Color Hair from Light to DarkIt may seem that going from dark hair to light is the biggest and most challenging process and that the reverse is easy as pie. Think again. Going from light to dark is just as big of a challenge as from dark to light, but in a much different way. When you bleach your hair, you are essentially stripping the follicles of all their color, leaving them exposed and much more porous, causing irreversible damage while the upkeep can be a big effort and cost.
The concept of going dark when you have lighter hair may seem like a cinch; you buy boxed color from the drugstore that seems to match what you are looking for, go home, and BAM … you are a fabulous brunette. Unfortunately, it does not work that way and is not nearly that easy for if it were, all salons would be out of business.
There are several factors to consider when darkening your hair, for example: has your hair been chemically treated recently? Are you a natural or unnatural blonde? What type of skin tone do you have? The color of your eyes play a big part, as well. Do you want to go super dark or just a light brown? All of these issues must be considered before you take the leap, which can be a very exciting one. Again, this is something that cannot be taken lightly, no pun intended.
As with lightening your hair, you should have a couple of darker shades in mind, just so that you know what you want to present to the stylist. Yes, you will want to go to a stylist to make this transformation as this process can go array upon trying it at home.
Go over to your local wig shop or use online hair software and try on a few different hair colors, varying from lighter to darker and snap some photos to help you decide which one will be the best look for you. Now that you have done that, it is time to contact you stylist to prepare to go to the darker side.
Going dark has many advantages such as making your eyes pop, a daring attitude will emerge, and it will accentuate your skin tone. That is why you need a professional to make sure that you get the proper shades.
If your hair has been previously processed, especially bleached, the ends of it will not absorb the darker colors the way that the rest of your hair will and it will be a hot mess. Green and gray tones could be the end result of home coloring because bleaching can cause transparency at the ends and will most often lead to an uneven overall color that will require even further color modification.

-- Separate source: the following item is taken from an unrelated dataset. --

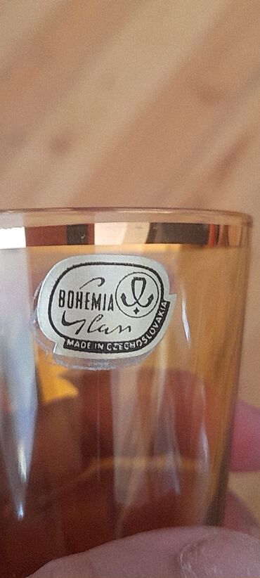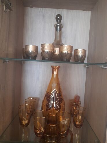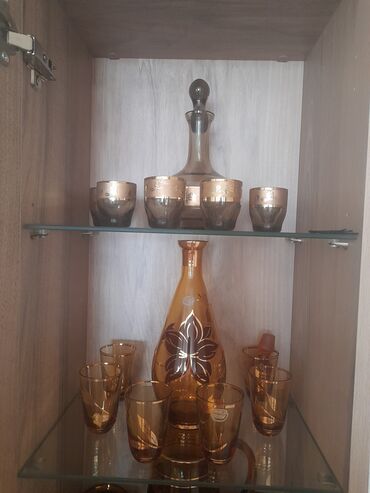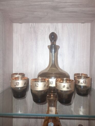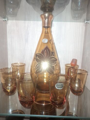 (Viski qabi dest) Bohem kristal şüşədən hazırlanmış, tünd spirtli içkilər üçün dekanter və altı ədəd stəkandan ibarət dəst. Dekanterin tutumu 750 ml-dir. Stəkanların yuxarı kənarı qızılı haşiyə ilə...

Much like bleaching, dark colors contain a certain chemical (PPDA/pPD, also known as p-phenylenediamine) that can cause an allergic reaction to both the scalp and the skin. Your stylist will want to do an allergy test on you pre-coloring. This will ensure that you do not end up extremely uncomfortable. But remember, allergic reactions are quite common which is why it is best to find out before you cover your whole head with dye.
To achieve the right level of darkness that you desire, this could be a two to three step process, the stylist will start with applying a colored protein filler or demi-permanent hair color, in a shade that has either gold or red tones. In the color spectrum, reddish tones are in the middle so this is where your stylist may begin. Even on virgin hair the stylist needs to do this. It could be already slightly damaged from the environment or styling tools like a hair dryer, curling iron, or flat iron.